**Work required:** Transcribe the data below verbatim from the line with "Cherry Hill Farmhouse 312" to the line with "Location of the 2009 intervention.". Include both of those lines.

**Entries supplied:**
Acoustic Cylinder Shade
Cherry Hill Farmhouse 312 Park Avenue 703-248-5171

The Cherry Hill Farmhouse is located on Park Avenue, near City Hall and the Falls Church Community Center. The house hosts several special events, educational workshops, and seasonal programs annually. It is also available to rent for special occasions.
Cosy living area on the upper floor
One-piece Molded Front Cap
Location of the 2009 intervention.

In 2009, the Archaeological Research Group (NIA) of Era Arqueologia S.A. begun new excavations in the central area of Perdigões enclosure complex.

---

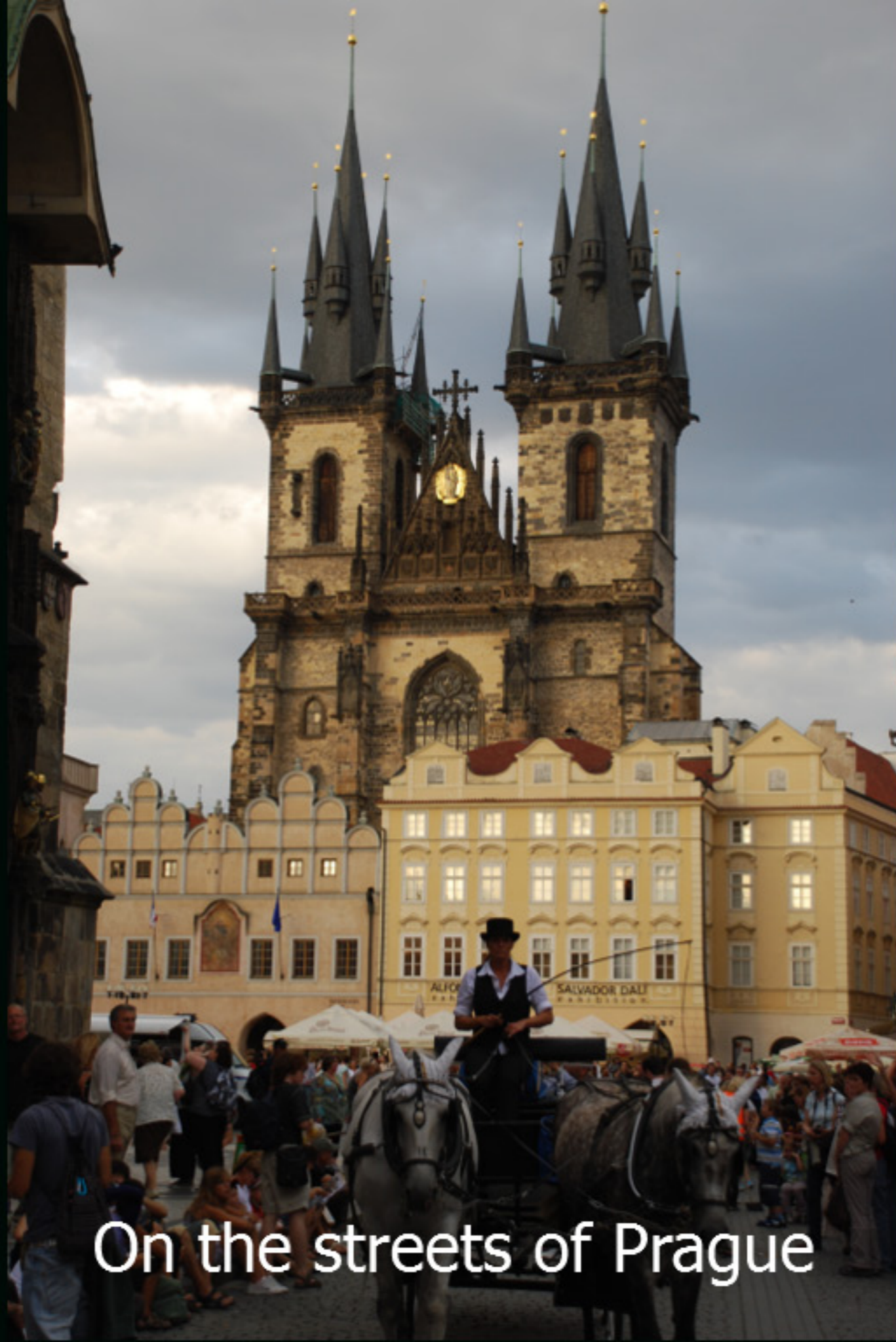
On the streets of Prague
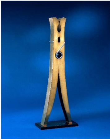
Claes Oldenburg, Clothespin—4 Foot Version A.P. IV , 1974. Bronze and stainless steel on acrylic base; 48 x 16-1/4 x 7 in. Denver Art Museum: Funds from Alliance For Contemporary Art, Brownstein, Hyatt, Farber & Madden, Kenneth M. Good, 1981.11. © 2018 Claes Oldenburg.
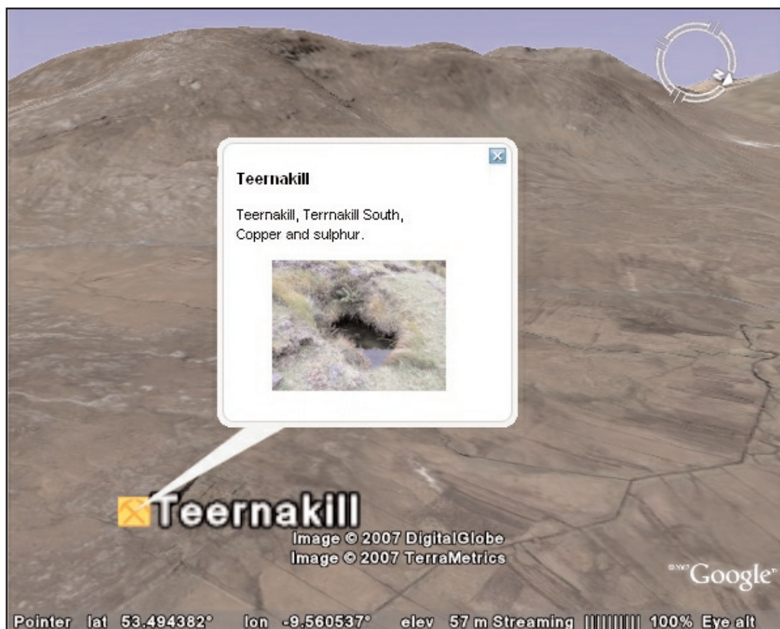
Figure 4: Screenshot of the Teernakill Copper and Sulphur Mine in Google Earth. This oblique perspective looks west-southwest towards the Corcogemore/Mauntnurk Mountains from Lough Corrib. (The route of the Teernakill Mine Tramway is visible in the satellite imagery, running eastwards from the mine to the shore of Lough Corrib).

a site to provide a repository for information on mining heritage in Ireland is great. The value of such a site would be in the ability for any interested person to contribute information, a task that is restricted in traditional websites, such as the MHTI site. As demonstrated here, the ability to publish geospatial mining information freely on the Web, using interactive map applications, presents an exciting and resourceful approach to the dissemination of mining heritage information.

**Output of the exercise:**
Cherry Hill Farmhouse 312 Park Avenue 703-248-5171

The Cherry Hill Farmhouse is located on Park Avenue, near City Hall and the Falls Church Community Center. The house hosts several special events, educational workshops, and seasonal programs annually. It is also available to rent for special occasions.
Cosy living area on the upper floor
One-piece Molded Front Cap
Location of the 2009 intervention.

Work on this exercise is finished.